Ни к чему-то ни к чему, а ружье из-за спины потихоньку достаю, помаленьку в руках поворачиваю. «Ну, — думаю, — Длинный Хвост — Короткие Ушки, если ты и в самом деле никуда не свернешь, то так и быть, возьму тебя на мушку».
И вот бегу, нажимаю, равняюсь с ольховой рощей и гляжу — сидит! Сидит как миленький! Сидит себе, дурашка, на пеньке, и весь на виду, как мой вчерашний знакомый, только чуть потоньше да поменьше, — наверное, первогодок.
Наверное, совсем еще молоденький и совсем глупый. А может, просто задумал меня подурачить — вот и сидит.
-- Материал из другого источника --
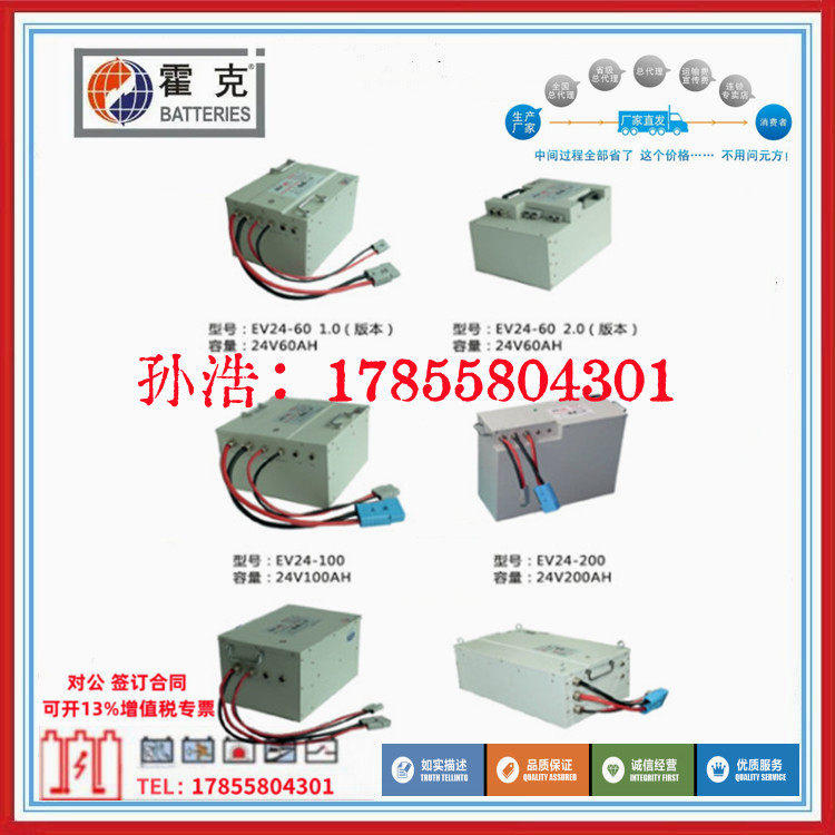 霍克铁锂动力电池的充电口与放电口隔离,具有意义的充、放电异口的功能。24V铁锂电池正常充电时的充电电压应为29.2V,低于此充电电压,会降低充电效率,延长充电时间。霍克电池无论加在充电口的充电电压有多高,EV24-60电池的放电口输出电压都被限制不高于26.2V。这个功能避免了充电机较高的充电电压直接加到负载直流电机上,而损毁电机。

Лапку одну он приподнял. Уши навострил. Мордочку на меня уставил. А взгляд у него лукавый — такой бывает у ребятишек, когда они задумают что-нибудь этакое хитренькое.
Ну и вот, сидит он, в мою сторону смотрит; голову то так наклонит, то этак; а день вокруг — синий, а снег в лугах — чистый, а глаза у горностая такие смышленые, что поднял я ружье вверх и грохнул весь заряд в небо!
Пусть, думаю, живет! Пусть радуется Длинный Хвост — Короткие Ушки!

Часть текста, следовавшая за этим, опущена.